## Spearman Correlation Coefficient

Let's take a moment to try to develop some intuition about the metric used in this competition: [Spearman Correlation Coefficient](https://en.wikipedia.org/wiki/Spearman%27s_rank_correlation_coefficient).

> Spearman's rank correlation coefficient or Spearman's ρ, named after Charles Spearman and often denoted by the Greek letter rho or as rs, is a nonparametric measure of rank correlation (statistical dependence between the rankings of two variables).

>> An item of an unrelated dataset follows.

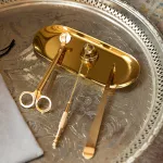 Featuring a candle snuffer, wick trimmer, hook, and matching tray, this set ensures your candles burn evenly, last longer, and remain free of soot or excess smoke. Available in stunning finishes like black, gold, rose gold, and silver, this set is not just practical—it’s a statement piece for any space.
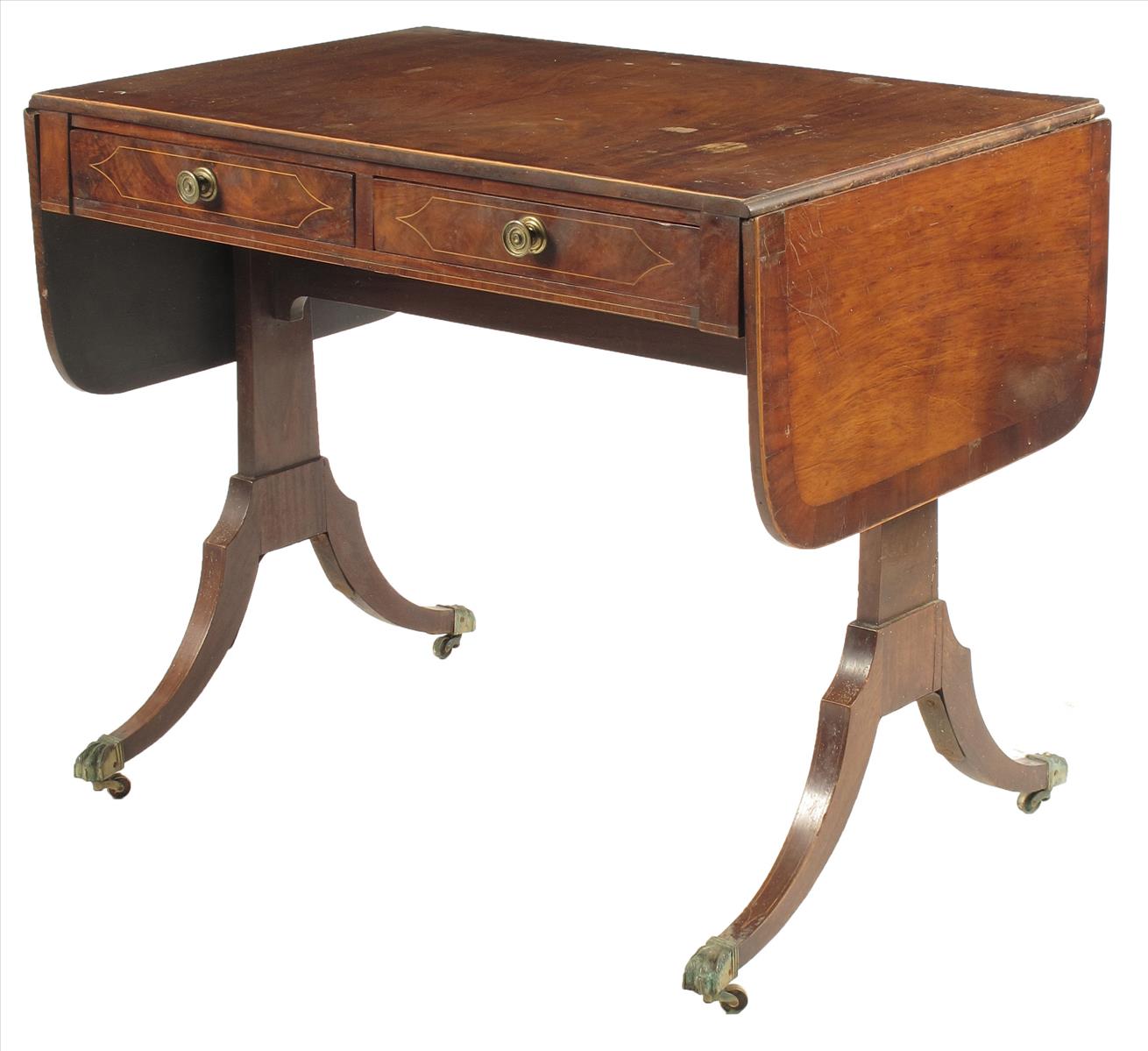 A late George III mahogany sofa table, inlaid stringing, the crossbanded top above twin frieze drawers with false fronts to the reverse, on later brass sabots, 28¾in (72.5cm) high, 34½in (87.5cm) wide, 23½in (59.4cm) deep.

It assesses how well the relationship between two variables can be described using a monotonic function.

Some notes:
 - It only cares about order
 - It ranges from -1 to 1

In [5]:
import numpy as np
from scipy.stats import spearmanr

In [6]:
def print_spearmanr(a, b):
    v = spearmanr(a, b)
    print(v, v.correlation)

In [8]:
# When sequence order matches perfectly, we get 1.0
a = np.array([0., 1., 2., 3.])
b = np.array([0., 1., 2., 3.])
print_spearmanr(a, b) # --> 1.

SpearmanrResult(correlation=1.0, pvalue=0.0) 1.0


In [9]:
# Even if the values are not the same, as long as the order is correct, we get 1.0
b2 = np.array([4., 5., 6., 7.])
print_spearmanr(a, b2)  # --> 1.

SpearmanrResult(correlation=1.0, pvalue=0.0) 1.0


### What happens when our target (a) has identical values in it?

In [14]:
# What happens when we have ties
a = np.array([0.5, 0.5, 0.7, 0.7])
b = np.array([4., 4.01, 6., 7.])
print_spearmanr(a, b) # --> 0.89

SpearmanrResult(correlation=0.8944271909999159, pvalue=0.10557280900008413) 0.8944271909999159


In [17]:
# What happens when we have ties AND get the tie correct in our output
a = np.array([0.5, 0.5, 0.7, 0.7])
b = np.array([4., 4., 6., 7.])
print_spearmanr(a, b) # --> 0.94

SpearmanrResult(correlation=0.9428090415820635, pvalue=0.05719095841793652) 0.9428090415820635


What's interesting here is that the score will swing wildly if we don't predict when values are identical. For example, in the first case we predicted `4.01` and in the second we predicted `4.00`. Despite this tiny change, the score varies hugely.

This is probably important because many of the values in the training set are identical, so we need to come up with a good way to predict when values are the same.